Similarly, the coordinate (1,1) indicates that the threshold is close to 0, and all samples are judged to be positive.
The coordinate (0,1) means a perfect classifier that correctly judges all positive samples when the false alarm is 0, which is also our lifelong pursuit of machine learning people. Therefore, the closer the ROC curve is to the upper left corner, the better the model performance is.
AUC
AUC is the abbreviation of English Area under Curve, which represents the Area under ROC Curve, that is, the integral of ROC Curve on [0,1]

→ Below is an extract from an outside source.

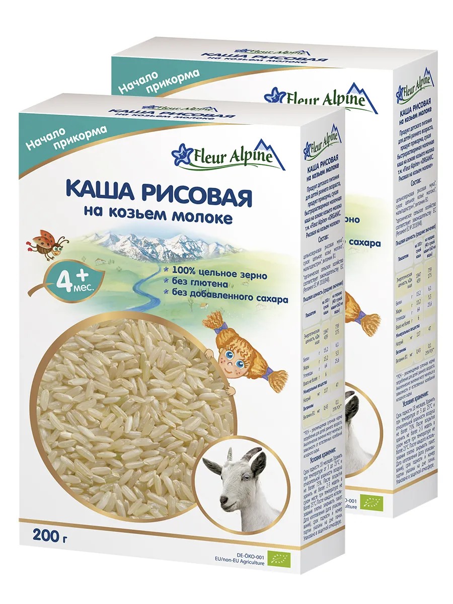 Каша на козьем молоке детская РИСОВАЯ, 4 мес, 2 шт. по 200 г

This is an indicator used to evaluate the performance of model classifier. For different models, the larger AUC is, the better the classification performance is
The value range of AUC is [0,1]. The effective classifier will be greater than 0.5, and the poor classifier will be close to 0.5
If someone asks why is it not that close to zero is the worst? In fact if you get a classifier with AUC zero, you just take the inverse of the output and you get a perfect classifier.